È il 4 maggio del '32. Gramsci è in carcere ormai dal novembre del '26; alcuni mesi dopo il suo amico Piero Sraffa, accogliendo l'invito di Keynes, lascerà l'Italia fascistizzata per l'Inghilterra, trasferendosi a Cambridge.
L'uomo di cui la lettera parla è appunto Gramsci, a scriverne Sraffa, destinatario della missiva Togliatti. Il futuro autore di Produzione di merci a mezzo di merci, insieme a Tatiana Schucht, cognata di Gramsci, è l'unico tramite tra questi e il Pci. Scrive a Togliatti per chiedergli consiglio sui libri da procurare nella cella di Turi.

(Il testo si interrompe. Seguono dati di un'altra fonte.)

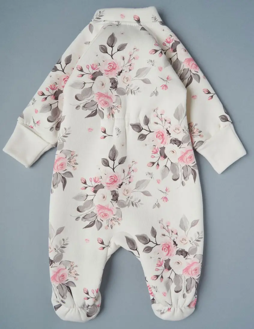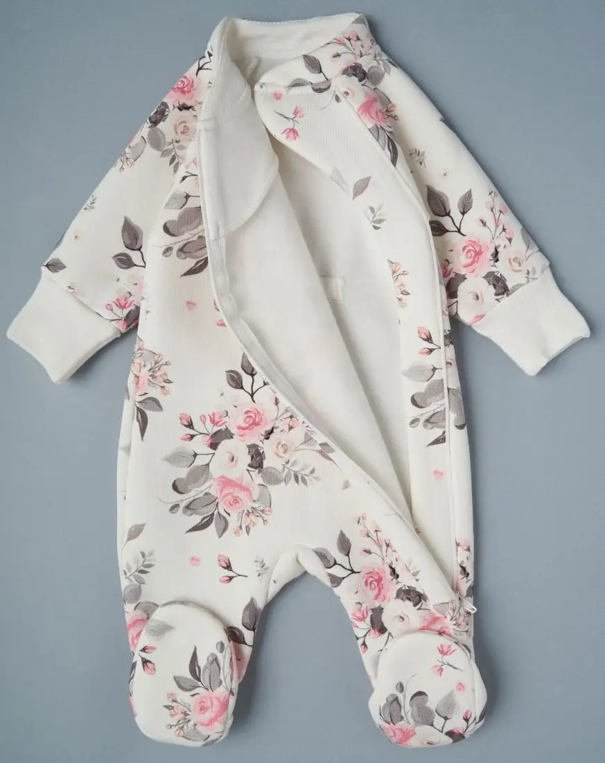 Комбинезон Little Star из футера с начесом "Цветы на креме", крем, р.56

La preoccupazione, come si vede, è politica: "Per vent'anni dobbiamo impedire a questo cervello di funzionare", aveva detto il pubblico ministero Isgrò concludendo nel processo la sua requisitoria; e a Gramsci, che nel '29 ha iniziato in carcere la stesura dei Quaderni, alla sua straordinaria intelligenza, guardano i compagni costretti alla clandestinità e all'esilio per ricevere sia pure in maniera dissimulata indicazioni, suggerimenti, consigli.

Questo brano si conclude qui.